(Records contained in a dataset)
________

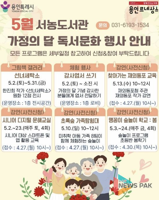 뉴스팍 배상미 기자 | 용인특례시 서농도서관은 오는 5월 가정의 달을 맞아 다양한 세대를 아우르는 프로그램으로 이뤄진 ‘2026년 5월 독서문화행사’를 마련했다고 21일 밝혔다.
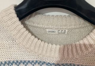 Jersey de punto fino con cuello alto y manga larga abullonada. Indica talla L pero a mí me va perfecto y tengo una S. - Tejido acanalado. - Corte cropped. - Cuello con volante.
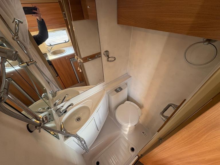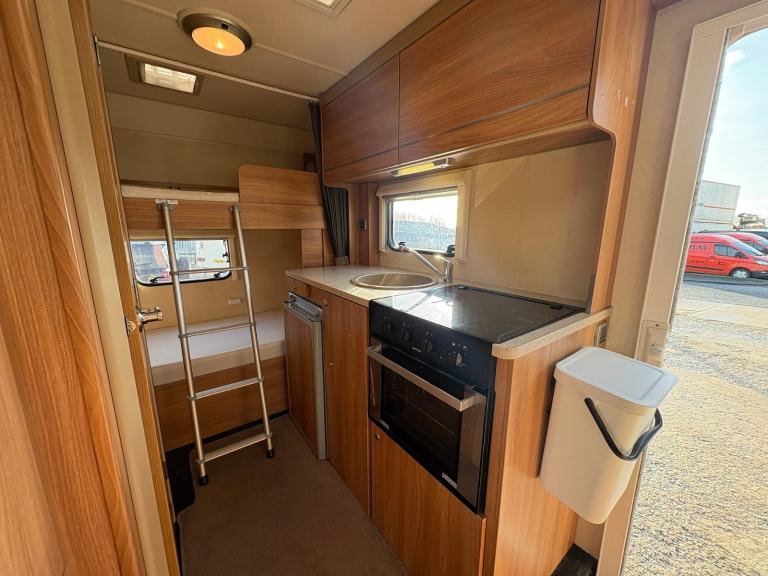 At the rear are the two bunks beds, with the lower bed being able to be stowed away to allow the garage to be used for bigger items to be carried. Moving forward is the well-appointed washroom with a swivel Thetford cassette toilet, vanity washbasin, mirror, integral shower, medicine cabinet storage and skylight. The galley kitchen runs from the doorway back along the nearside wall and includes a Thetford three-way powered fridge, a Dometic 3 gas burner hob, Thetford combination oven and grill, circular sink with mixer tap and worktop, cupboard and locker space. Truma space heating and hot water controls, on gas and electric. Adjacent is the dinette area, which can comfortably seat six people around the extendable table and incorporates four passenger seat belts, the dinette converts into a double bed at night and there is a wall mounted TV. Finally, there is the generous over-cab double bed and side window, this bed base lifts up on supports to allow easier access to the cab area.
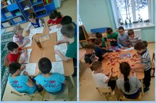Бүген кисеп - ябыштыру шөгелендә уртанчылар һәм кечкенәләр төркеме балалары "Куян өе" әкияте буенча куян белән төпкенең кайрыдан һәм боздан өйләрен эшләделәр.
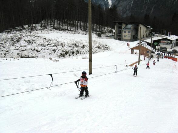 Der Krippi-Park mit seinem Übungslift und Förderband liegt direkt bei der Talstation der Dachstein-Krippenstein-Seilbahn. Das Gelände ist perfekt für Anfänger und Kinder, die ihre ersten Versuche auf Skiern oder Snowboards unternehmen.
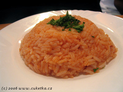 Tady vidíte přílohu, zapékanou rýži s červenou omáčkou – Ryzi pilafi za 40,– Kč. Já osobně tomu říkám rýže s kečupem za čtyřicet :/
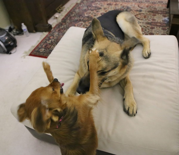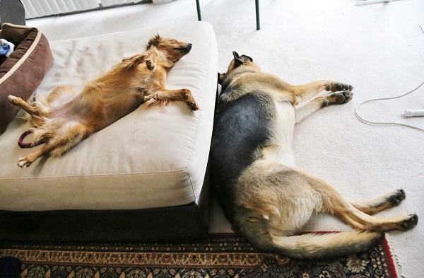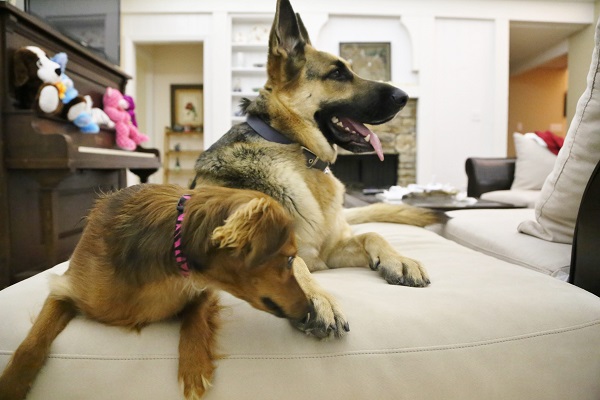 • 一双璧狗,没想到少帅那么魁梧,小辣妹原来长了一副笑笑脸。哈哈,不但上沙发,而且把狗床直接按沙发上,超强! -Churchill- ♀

________

* **WORK REQUIRED**: The copy you produce must match the entries above exactly, except that it has no pictures.

* **TASK SOLUTION**:
 뉴스팍 배상미 기자 | 용인특례시 서농도서관은 오는 5월 가정의 달을 맞아 다양한 세대를 아우르는 프로그램으로 이뤄진 ‘2026년 5월 독서문화행사’를 마련했다고 21일 밝혔다.
 Jersey de punto fino con cuello alto y manga larga abullonada. Indica talla L pero a mí me va perfecto y tengo una S. - Tejido acanalado. - Corte cropped. - Cuello con volante.
 At the rear are the two bunks beds, with the lower bed being able to be stowed away to allow the garage to be used for bigger items to be carried. Moving forward is the well-appointed washroom with a swivel Thetford cassette toilet, vanity washbasin, mirror, integral shower, medicine cabinet storage and skylight. The galley kitchen runs from the doorway back along the nearside wall and includes a Thetford three-way powered fridge, a Dometic 3 gas burner hob, Thetford combination oven and grill, circular sink with mixer tap and worktop, cupboard and locker space. Truma space heating and hot water controls, on gas and electric. Adjacent is the dinette area, which can comfortably seat six people around the extendable table and incorporates four passenger seat belts, the dinette converts into a double bed at night and there is a wall mounted TV. Finally, there is the generous over-cab double bed and side window, this bed base lifts up on supports to allow easier access to the cab area.
Бүген кисеп - ябыштыру шөгелендә уртанчылар һәм кечкенәләр төркеме балалары "Куян өе" әкияте буенча куян белән төпкенең кайрыдан һәм боздан өйләрен эшләделәр.
 Der Krippi-Park mit seinem Übungslift und Förderband liegt direkt bei der Talstation der Dachstein-Krippenstein-Seilbahn. Das Gelände ist perfekt für Anfänger und Kinder, die ihre ersten Versuche auf Skiern oder Snowboards unternehmen.
 Tady vidíte přílohu, zapékanou rýži s červenou omáčkou – Ryzi pilafi za 40,– Kč. Já osobně tomu říkám rýže s kečupem za čtyřicet :/
 • 一双璧狗,没想到少帅那么魁梧,小辣妹原来长了一副笑笑脸。哈哈,不但上沙发,而且把狗床直接按沙发上,超强! -Churchill- ♀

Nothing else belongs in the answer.